Methods: Eighteen full-term pregnant non-laboring women scheduled for induction of labor under combined spinal-epidural (CSE) analgesia provided informed consent. No women had cardiac arrhythmia or hypertension. Labor was induced using prostaglandin E2 p.o. and intravenous infusion of oxytocin. When a patient required pain relief, electrodes were attached to the distal flexor surface of the left and right forearms and connected to a HRV analysis device (Check My Heart®, Trytech, Tokyo, Japan). After the baseline recordings of HRV, FHR, blood pressure (BP), heart rate (HR), and oxygen saturation (SpO2) in parturients, bupivacaine 2 mg and fentanyl 20 μg were administered into the intrathecal space using a CSE needle via the L3/4 interspace in the sitting position. HRV was analyzed at 5, 10, 15, and 30 min after injections of analgesics in the lateral position. Changes in LF/HF ratio were analyzed using one-way analysis of variance. A p-value < 0.05 was considered statistically significant. In cases with FHR abnormality (late, variable or prolonged deceleration within 30 min after intrathecal analgesia), we analyzed underlying factors using binomial logistic regression analysis.

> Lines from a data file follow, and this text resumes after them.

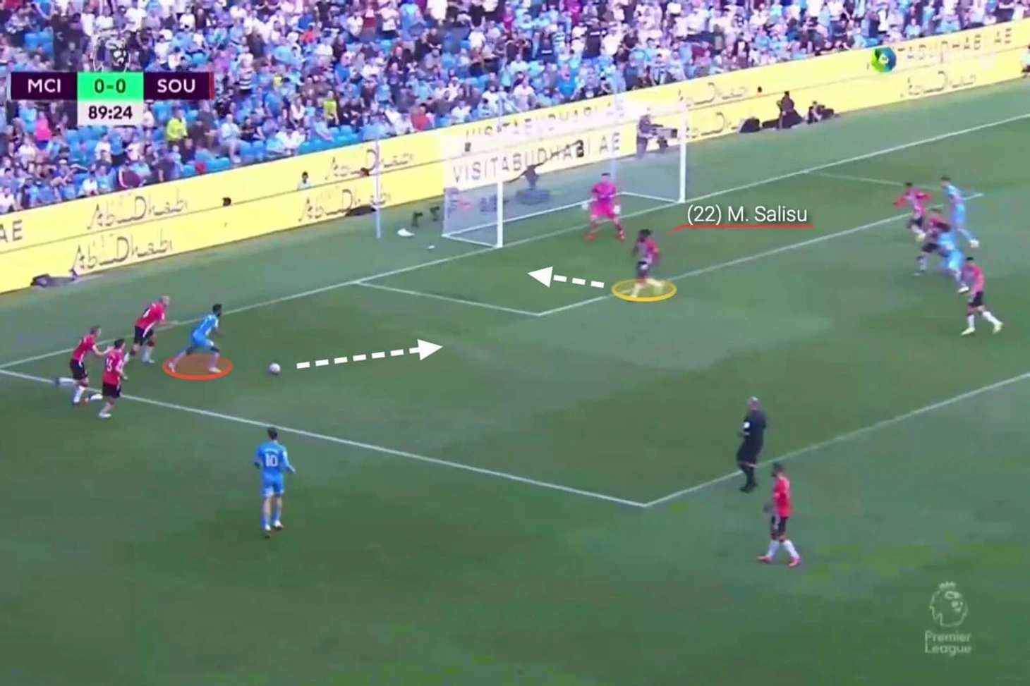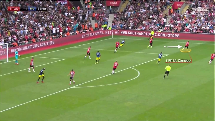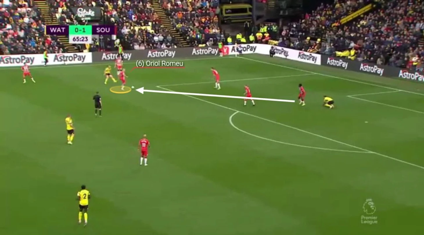 Салису понимает как развивается ситуация и располагается таким образом, чтобы Кинг не смог устоять на ногах при приеме паса. Как итог, заключительная фаза атаки «Уотфорда» закончилась тем, что Джошуа оказался на газоне, а мяч вернулся к «Саутгемптону».
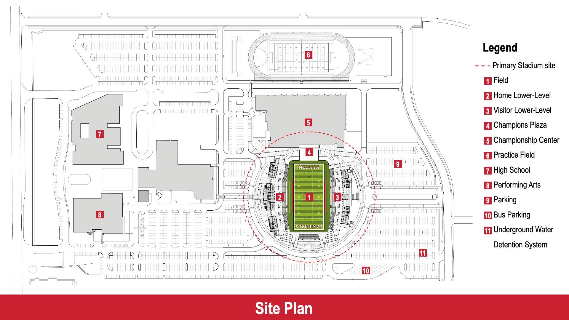 Visitor Facilities: The visitor side includes all necessary amenities, including restrooms, concessions, first aid, and customer service areas, with an elevated concourse for an enhanced viewing experience. A separate building behind the scoreboard houses visitor locker rooms, officials’ facilities, and additional support spaces.”
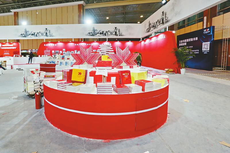 11月28日,2019天府书展已布好展,图为“诵读新时代礼赞新中国”主题出版物馆一角。 蒋翼鹏摄
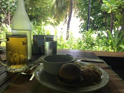 今日も朝から日差しが強い。ダイビングは午後からなので午前中はのんびり出来る。メインレストランの外でWifi繋いで仕事メールをいくつかこなす。まだ誰も使ってないのでまぁまぁ速い。
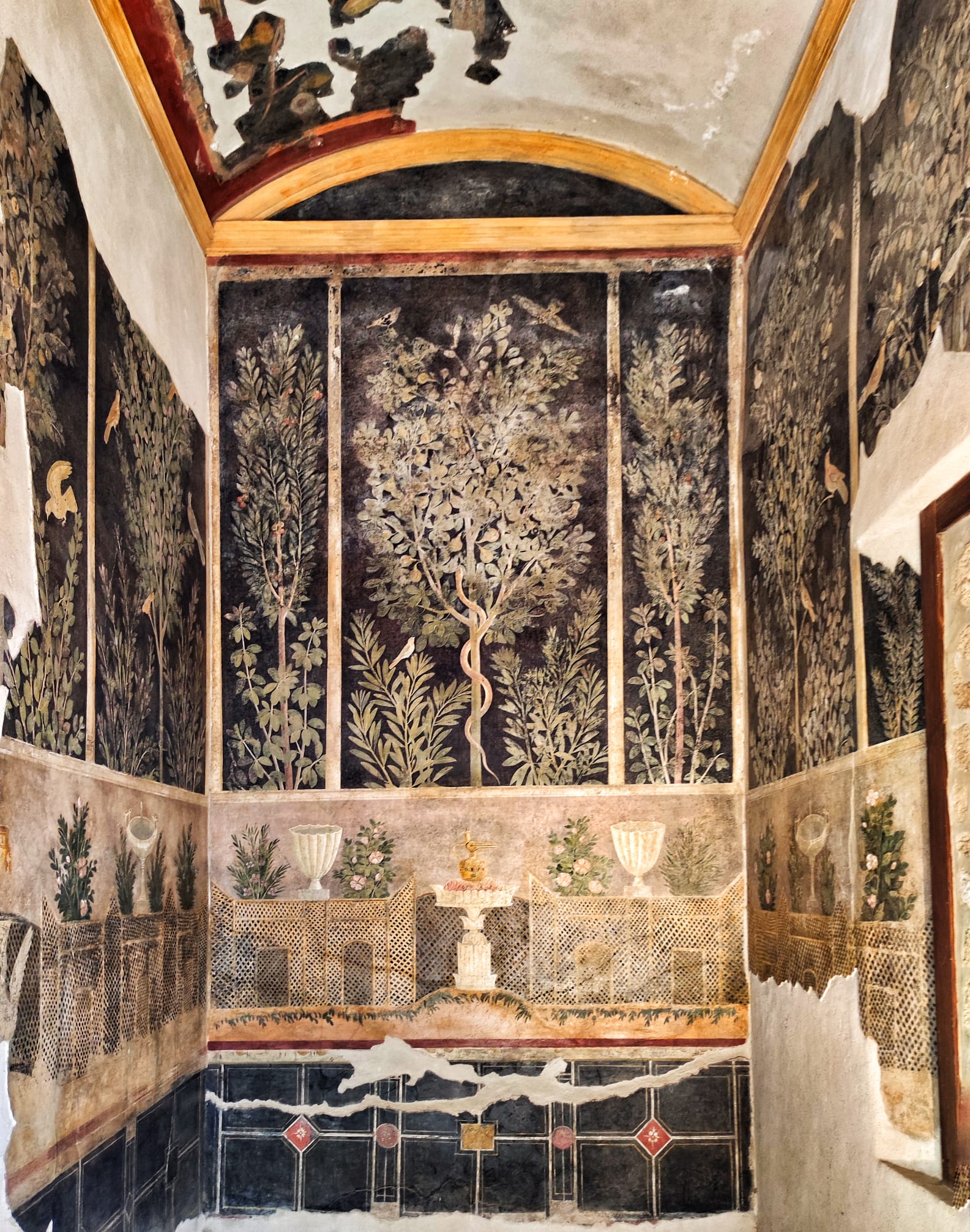 Dicevo, i cubicoli sono due. Il primo è più naturalistico, mi si consenta il termine: le piante si trovano in un giardino, il colore di sfondo evoca l’azzurro del cielo, sembra di stare all’aria aperta e la pittura, nelle sue dimensioni più ristrette, ricorda molto da vicino una pittura con analogo soggetto molto più famosa, proveniente dalla Villa di Livia a Prima Porta esposto al Museo Nazionale Romano di Palazzo Massimo alle Terme a Roma.
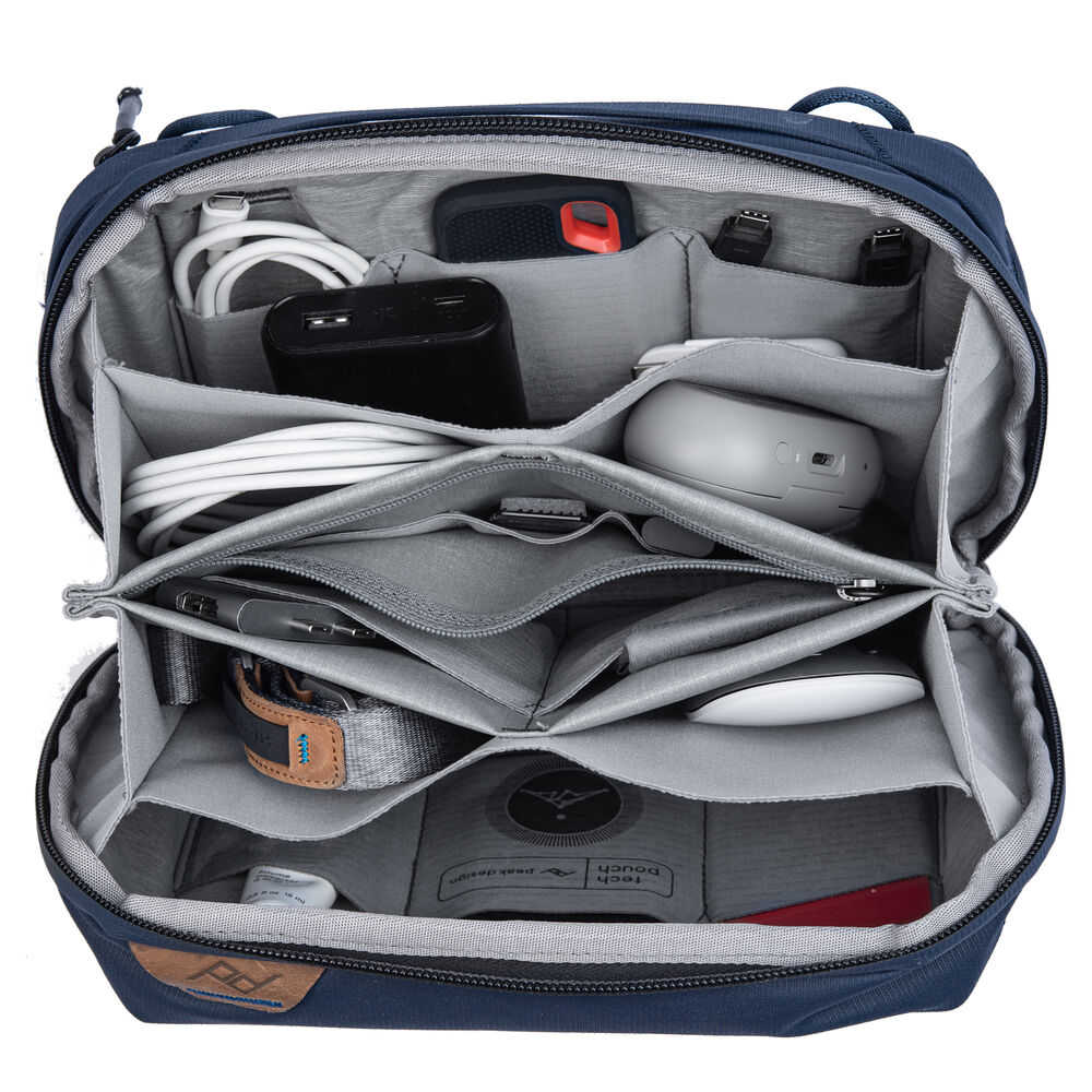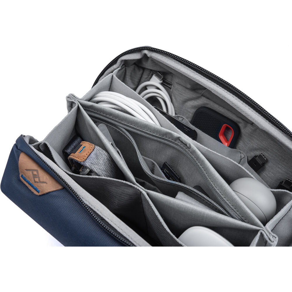 The Peak Design Travel Tech 2L Pouch, in midnight blue, is part of a compartment system that enhances your ability to organize the contents of a Peak Design Travel-Series bag. Specifically designed for electronics accessories, it features a water-resistant zipper and a clamshell configuration with fifteen internal organizational pockets to hold a range of devices such as batteries, memory cards, portable hard drives, cables, and power adapters. Internal and external zippered pockets along the length of the pouch give you additional storage for your passport, a smartphone, folded documents, or pens. If you have a power bank to keep your gear charged, there is a power cord pass-through leading from the interior and through the external zippered pocket so you can access it without having to remove it from the pouch.

Results: The LF/HF ratio was significantly reduced at each time point after intrathecal analgesia than before. No significant differences in BP, HR, SpO2 were observed between before and each time point after intrathecal analgesia. Of 18 patients, fetal deceleration was observed in two patients. Binomial logistic regression analysis of factors associated with fetal deceleration demonstrated a greater reduction in LF/HF ratio at 5 min after initiating intrathecal analgesia than before.
Conclusions: Intrathecal analgesia with fentanyl combined with bupivacaine for labor pain significantly decreased the LF/HF ratio. Thus, which suggests that intrathecal analgesia blocked sympathetic activity resulting in parasympathetic nerve predominance. Greater reduction in the LF/HF ratio might be associated with higher incidence of FHR decelerations at induction of labor analgesia.